Weitere Informationen

Damit Verbraucherinnen und Verbraucher die Leistungen einzelner Dienste und Einrichtungen besser beurteilen und vergleichen können, stehen verschiedene Online-Portale zur Verfügung. Hier können die Prüfergebnisse des Medizinischen Dienstes, die Indikatorenergebnisse der stationären Pflegeeinrichtungen sowie Informationen zu den Pflege-/Betreuungsdiensten und Pflegeeinrichtungen abgerufen werden.

Ihre Ansprechpartner

Haben Sie den Eindruck, dass ein Angehöriger nicht gut gepflegt wird – oder sind Sie selbst nicht einverstanden mit Ihrer Pflege?

Versuchen Sie zunächst, direkt mit dem zuständigen Pflege-/Betreuungsdienst oder mit der Pflegeeinrichtung zu sprechen. Sofern Ihre Bedenken nicht ausgeräumt werden können, sind Ihre Pflegekasse, die jeweils zuständige staatliche Heimaufsichtsbehörde oder der Medizinische Dienst die richtigen Ansprechpartner.

Konsequenzen bei Pflegemängeln

Stellt der Medizinische Dienst bei einer Qualitätsprüfung Mängel fest, so erhält der ambulante Pflege-/Betreuungsdienst oder die stationäre Pflegeeinrichtung von der Pflegekasse einen Maßnahmenbescheid.

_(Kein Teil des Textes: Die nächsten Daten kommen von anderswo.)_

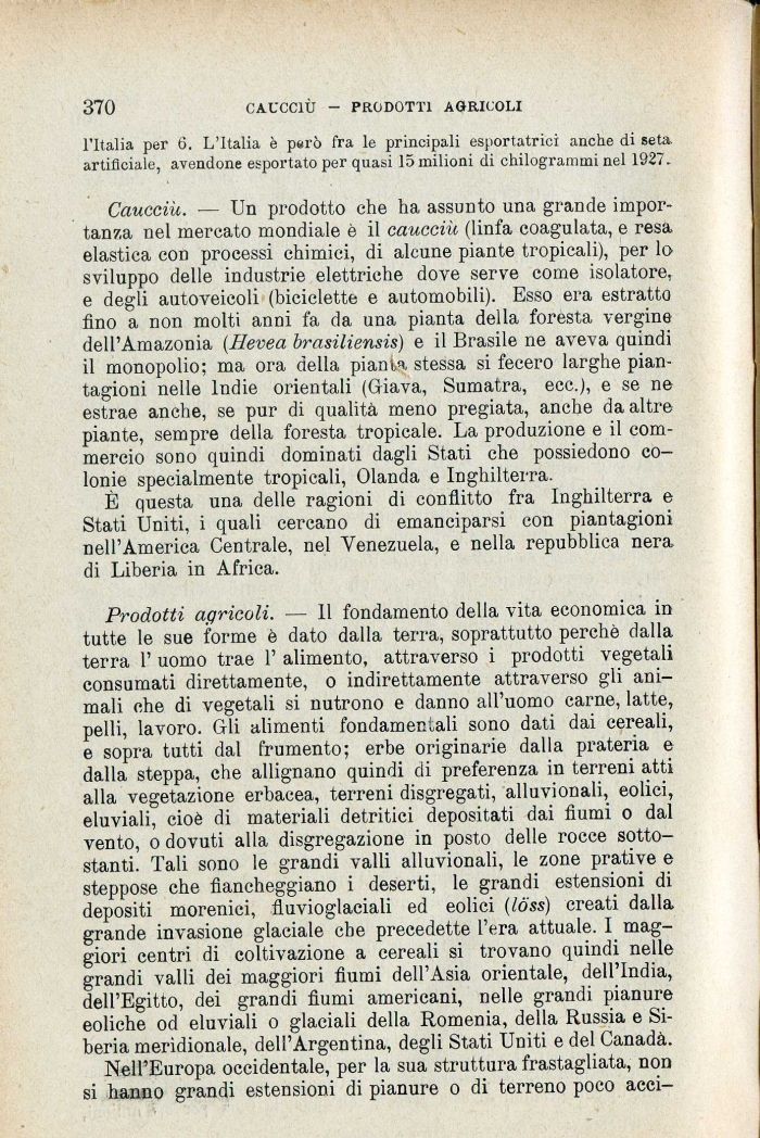 Caucciù. — Un prodotto che ha assunto una grande importanza nel mercato mondiale è il caucciù (linfa coagulata, e resa elastica con processi chimici, di alcune piante tropicali), per lo sviluppo delle industrie elettriche dove serve come isolatore, e degli autoveicoli (biciclette e automobili). Esso era estratto fino a non molti anni fa da una pianta della foresta vergine dell'Amazonia (Hevea brasiliensis) e il Brasile ne aveva quindi il monopolio; ma ora della pianta stessa si fecero larghe piantagioni nelle Indie orientali (G-iava, Sumatra, ecc.), e se ne estrae anche, se pur di qualità meno pregiata, anche da altre piante, sempre della foresta tropicale. La produzione e il commercio sono quindi dominati dagli Stati che possiedono colonie specialmente tropicali, Olanda e Inghilterra.

Darin werden die Beanstandungen aufgeführt und qualitätsverbessernde Maßnahmen eingefordert. Bei vollstationären Pflegeeinrichtungen versendet der Medizinische Dienst den Prüfbericht auch an die zuständige Heimaufsichtsbehörde, die aufsichtsrechtliche Maßnahmen einleiten kann.

Qualitätssicherung der Qualitätsprüfung

Um auch für uns selbst eine hohe Qualität zu garantieren, sind verschiedene Qualitätssicherungsmaßnahmen etabliert. Unsere Instrumente zur Qualitätssicherung bei Qualitätsprüfungen von ambulanten Pflege-/Betreuungsdiensten und stationären Pflegeeinrichtungen:

  1. Übergreifende Audits bei Qualitätsprüfungen
  2. Externe Audits durch Sachverständige
  3. Befragungen der Pflegedienste und -einrichtungen und der Landesverbände der Pflegekassen
  4. Plausibilitätsprüfung der Prüfberichte

Darüber hinaus kann der Medizinische Dienst Baden-Württemberg auf vielfältige interne Qualitätsinstrumente zurückgreifen und entwickelt diese konsequent weiter.